**What is expected**
In the entries that follow, find the line containing "De hecho, el" and the line containing "Russia. Peter I", then copy exactly everything from the first through the second except the pictures.

**Data supplied**
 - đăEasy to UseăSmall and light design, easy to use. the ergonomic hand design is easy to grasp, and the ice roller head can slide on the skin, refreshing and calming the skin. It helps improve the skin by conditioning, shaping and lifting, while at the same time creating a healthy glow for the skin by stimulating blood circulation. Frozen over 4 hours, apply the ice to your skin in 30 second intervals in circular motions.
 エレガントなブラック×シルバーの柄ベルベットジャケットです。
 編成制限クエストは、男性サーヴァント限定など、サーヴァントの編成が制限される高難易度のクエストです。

--

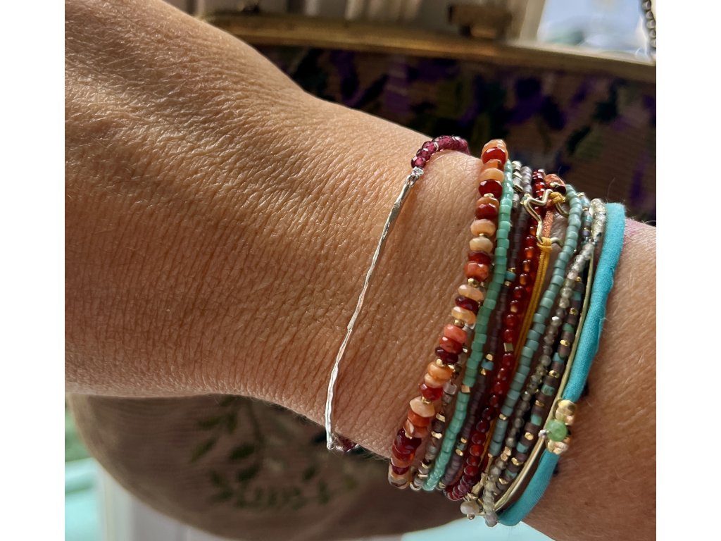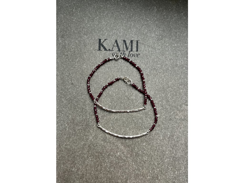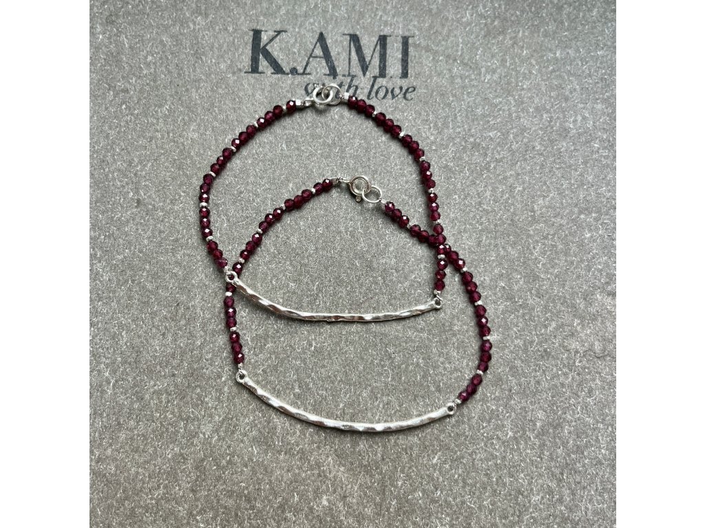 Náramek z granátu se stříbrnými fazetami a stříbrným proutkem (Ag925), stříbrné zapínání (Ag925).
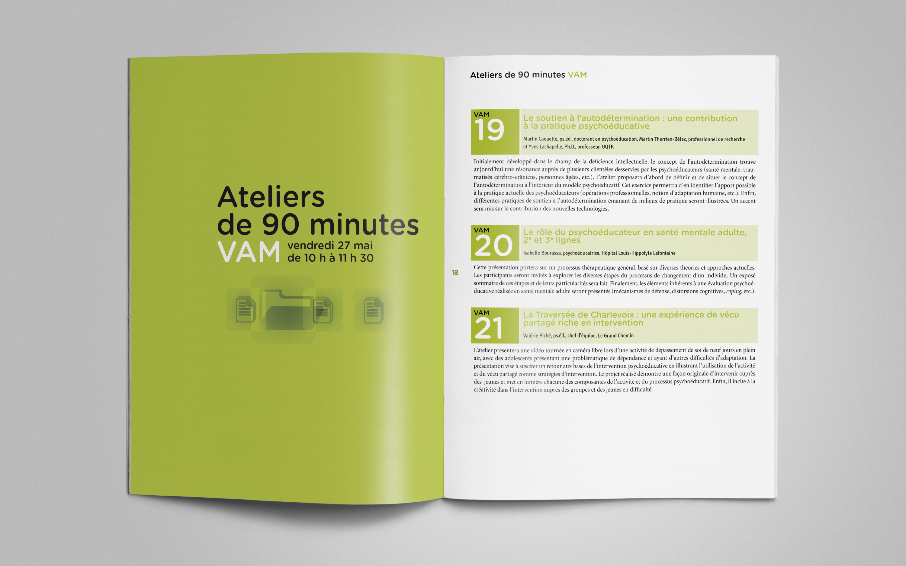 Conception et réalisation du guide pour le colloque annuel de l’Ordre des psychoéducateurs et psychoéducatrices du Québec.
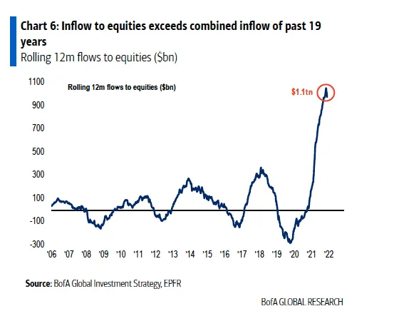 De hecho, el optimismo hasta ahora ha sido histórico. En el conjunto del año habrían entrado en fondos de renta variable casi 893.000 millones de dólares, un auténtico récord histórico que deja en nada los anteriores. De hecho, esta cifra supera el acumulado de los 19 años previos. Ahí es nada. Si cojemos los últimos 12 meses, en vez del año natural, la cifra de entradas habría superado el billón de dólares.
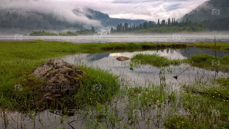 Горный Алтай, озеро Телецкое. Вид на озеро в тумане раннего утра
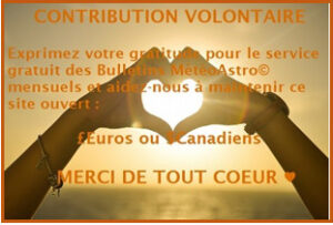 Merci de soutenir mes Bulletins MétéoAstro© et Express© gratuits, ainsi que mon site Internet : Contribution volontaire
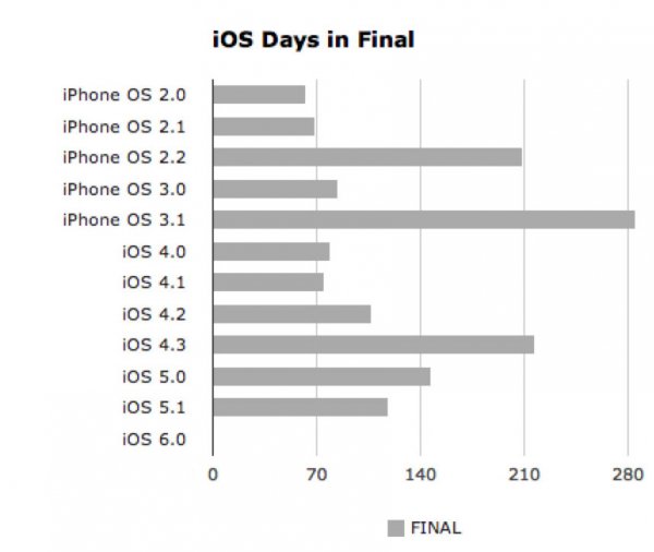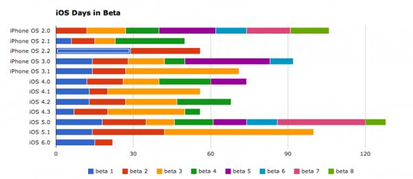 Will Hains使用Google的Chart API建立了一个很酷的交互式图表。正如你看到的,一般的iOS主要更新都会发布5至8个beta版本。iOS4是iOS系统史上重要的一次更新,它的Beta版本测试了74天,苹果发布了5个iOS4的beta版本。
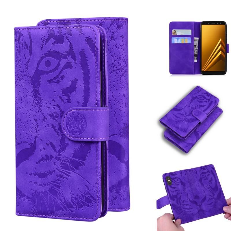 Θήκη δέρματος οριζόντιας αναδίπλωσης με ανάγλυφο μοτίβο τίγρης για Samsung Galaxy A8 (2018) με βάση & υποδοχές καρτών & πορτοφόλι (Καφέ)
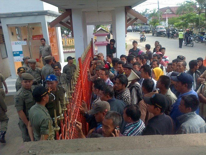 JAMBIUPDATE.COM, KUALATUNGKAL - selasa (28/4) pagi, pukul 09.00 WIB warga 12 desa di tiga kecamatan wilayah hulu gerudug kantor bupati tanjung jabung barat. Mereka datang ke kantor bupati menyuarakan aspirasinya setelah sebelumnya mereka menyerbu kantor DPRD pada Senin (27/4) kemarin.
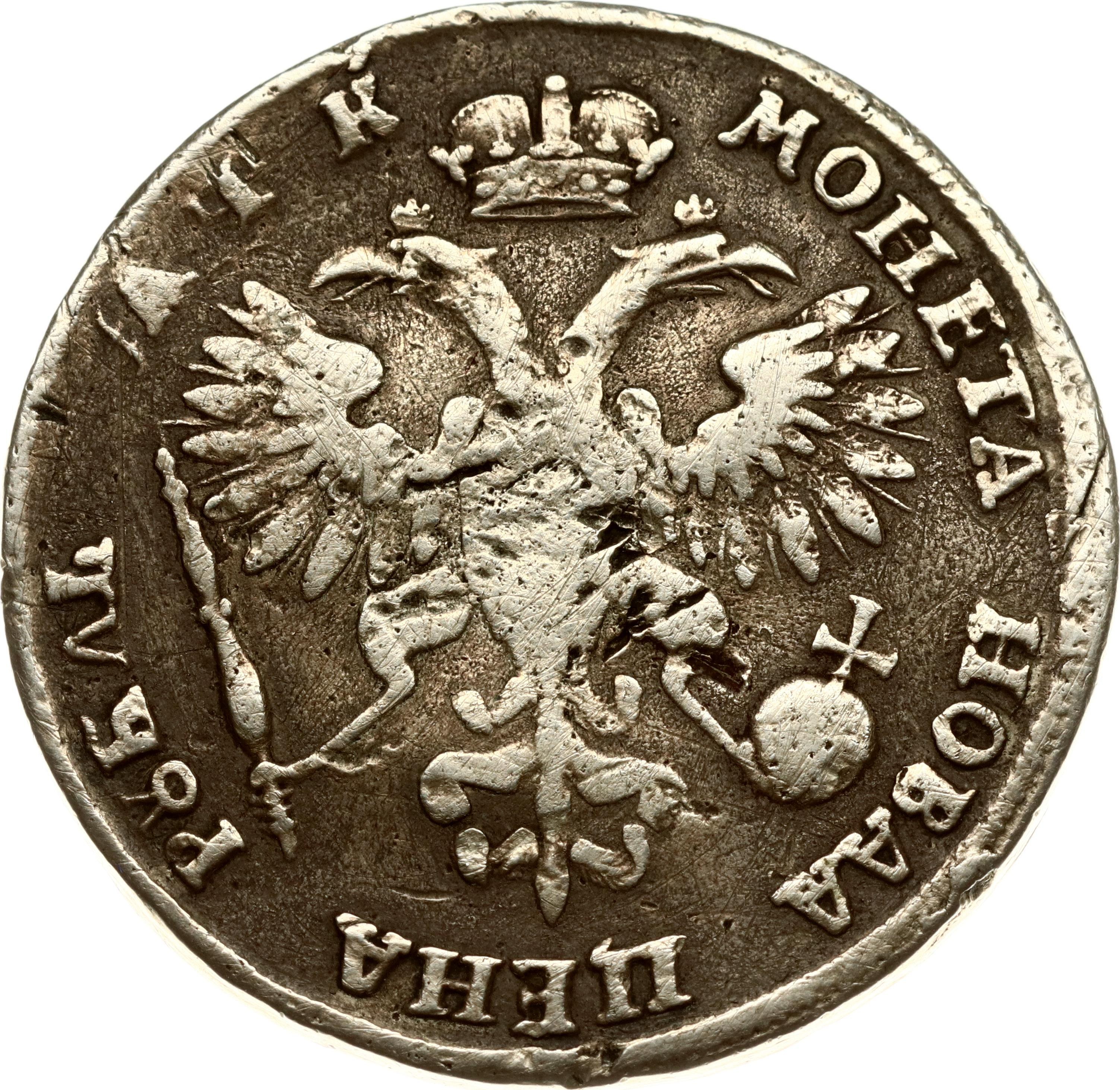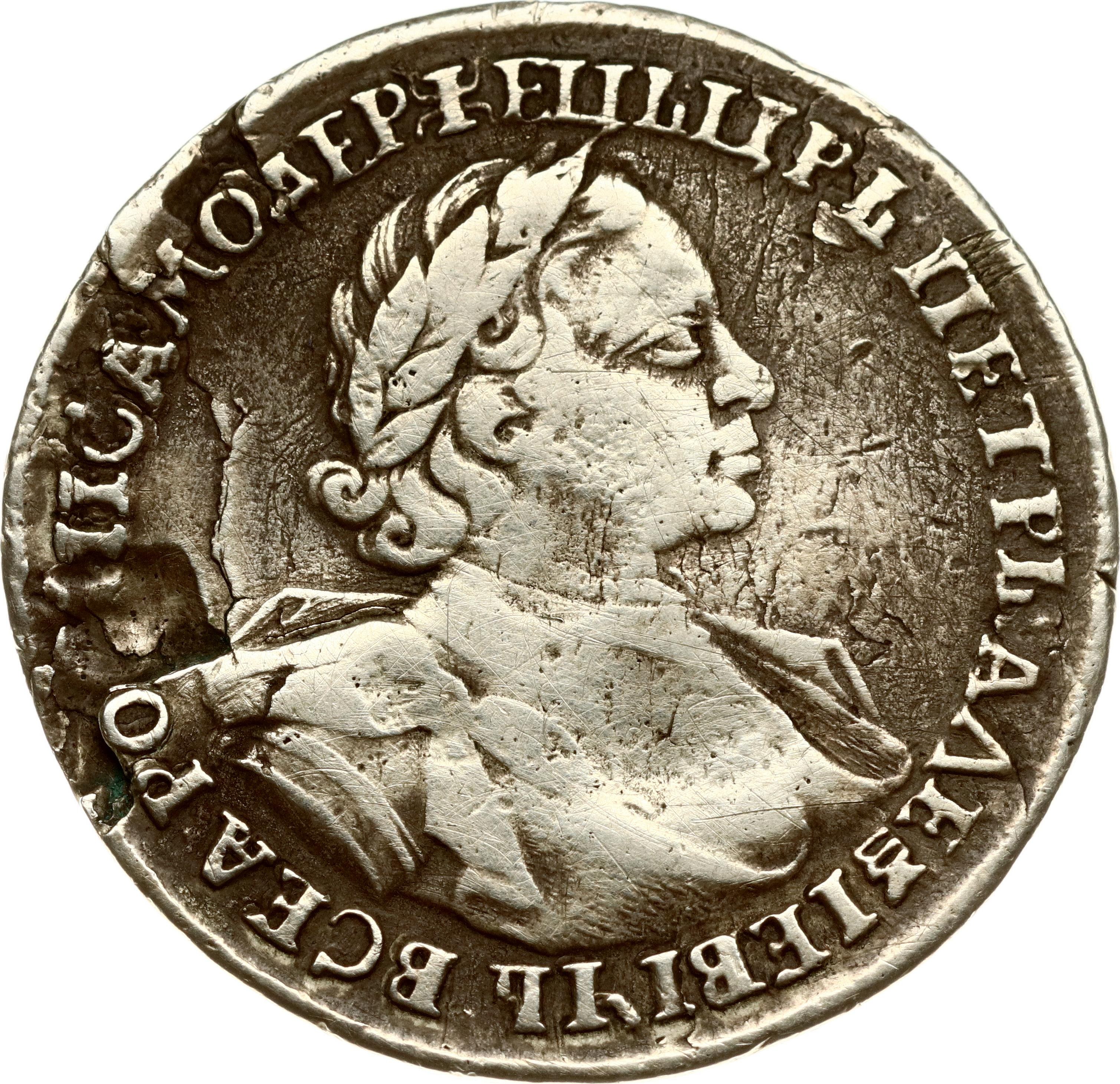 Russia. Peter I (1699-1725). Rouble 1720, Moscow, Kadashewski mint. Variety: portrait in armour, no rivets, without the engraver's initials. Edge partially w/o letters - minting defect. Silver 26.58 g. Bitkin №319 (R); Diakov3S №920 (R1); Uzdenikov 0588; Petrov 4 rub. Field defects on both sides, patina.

...

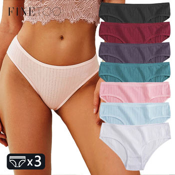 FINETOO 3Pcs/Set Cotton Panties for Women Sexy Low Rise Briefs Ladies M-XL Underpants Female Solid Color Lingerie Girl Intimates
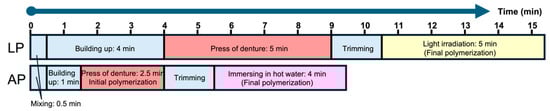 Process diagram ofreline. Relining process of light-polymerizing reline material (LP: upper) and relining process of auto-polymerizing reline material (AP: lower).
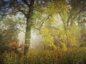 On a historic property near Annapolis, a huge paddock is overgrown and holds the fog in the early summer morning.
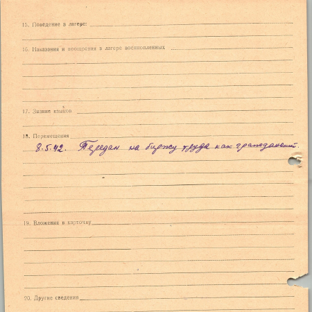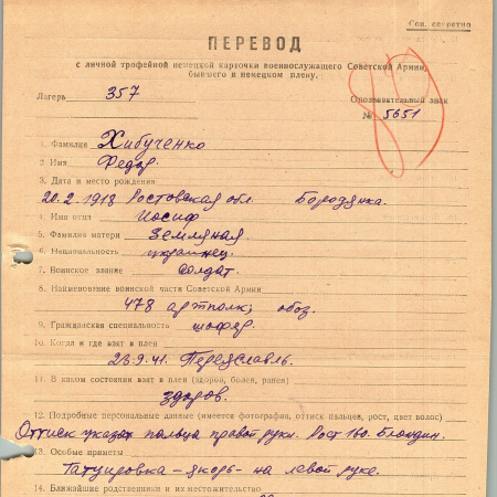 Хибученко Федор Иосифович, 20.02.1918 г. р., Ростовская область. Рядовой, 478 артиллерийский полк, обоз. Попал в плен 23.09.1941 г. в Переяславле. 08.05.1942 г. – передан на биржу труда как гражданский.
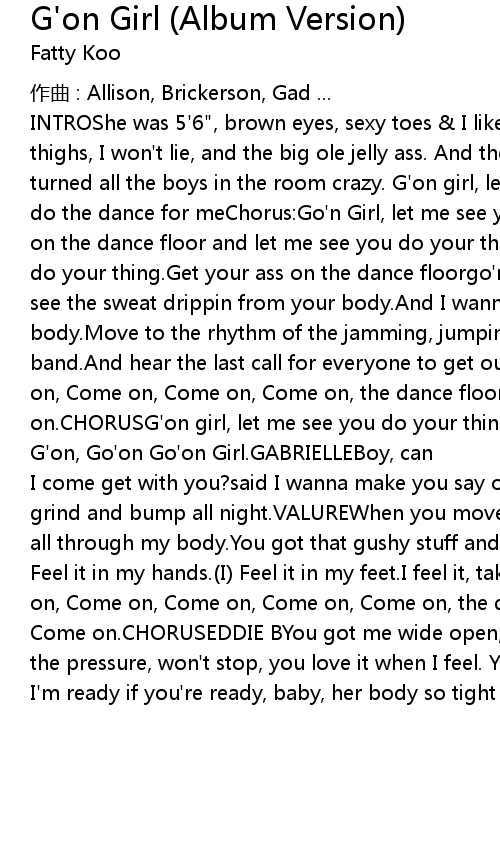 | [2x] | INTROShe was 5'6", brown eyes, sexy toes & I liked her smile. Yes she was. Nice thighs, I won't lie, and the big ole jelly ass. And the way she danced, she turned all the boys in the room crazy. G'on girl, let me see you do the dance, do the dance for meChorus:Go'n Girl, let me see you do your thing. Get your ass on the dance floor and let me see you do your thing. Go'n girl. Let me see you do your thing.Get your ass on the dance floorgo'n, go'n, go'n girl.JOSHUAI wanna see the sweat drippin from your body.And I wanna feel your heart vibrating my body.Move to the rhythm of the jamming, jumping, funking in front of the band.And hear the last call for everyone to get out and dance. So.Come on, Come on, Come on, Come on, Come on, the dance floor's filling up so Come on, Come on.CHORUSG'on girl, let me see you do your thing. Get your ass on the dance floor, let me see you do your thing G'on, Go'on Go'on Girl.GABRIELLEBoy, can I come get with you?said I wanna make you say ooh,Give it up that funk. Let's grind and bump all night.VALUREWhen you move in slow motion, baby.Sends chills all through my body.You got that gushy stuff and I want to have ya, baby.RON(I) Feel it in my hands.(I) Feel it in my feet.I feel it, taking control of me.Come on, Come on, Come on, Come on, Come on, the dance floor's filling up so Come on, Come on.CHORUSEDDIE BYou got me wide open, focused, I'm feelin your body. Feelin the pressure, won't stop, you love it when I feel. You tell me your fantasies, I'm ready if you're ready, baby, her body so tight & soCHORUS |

**Your response**
 De hecho, el optimismo hasta ahora ha sido histórico. En el conjunto del año habrían entrado en fondos de renta variable casi 893.000 millones de dólares, un auténtico récord histórico que deja en nada los anteriores. De hecho, esta cifra supera el acumulado de los 19 años previos. Ahí es nada. Si cojemos los últimos 12 meses, en vez del año natural, la cifra de entradas habría superado el billón de dólares.
 Горный Алтай, озеро Телецкое. Вид на озеро в тумане раннего утра
 Merci de soutenir mes Bulletins MétéoAstro© et Express© gratuits, ainsi que mon site Internet : Contribution volontaire
 Will Hains使用Google的Chart API建立了一个很酷的交互式图表。正如你看到的,一般的iOS主要更新都会发布5至8个beta版本。iOS4是iOS系统史上重要的一次更新,它的Beta版本测试了74天,苹果发布了5个iOS4的beta版本。
 Θήκη δέρματος οριζόντιας αναδίπλωσης με ανάγλυφο μοτίβο τίγρης για Samsung Galaxy A8 (2018) με βάση & υποδοχές καρτών & πορτοφόλι (Καφέ)
 JAMBIUPDATE.COM, KUALATUNGKAL - selasa (28/4) pagi, pukul 09.00 WIB warga 12 desa di tiga kecamatan wilayah hulu gerudug kantor bupati tanjung jabung barat. Mereka datang ke kantor bupati menyuarakan aspirasinya setelah sebelumnya mereka menyerbu kantor DPRD pada Senin (27/4) kemarin.
 Russia. Peter I (1699-1725). Rouble 1720, Moscow, Kadashewski mint. Variety: portrait in armour, no rivets, without the engraver's initials. Edge partially w/o letters - minting defect. Silver 26.58 g. Bitkin №319 (R); Diakov3S №920 (R1); Uzdenikov 0588; Petrov 4 rub. Field defects on both sides, patina.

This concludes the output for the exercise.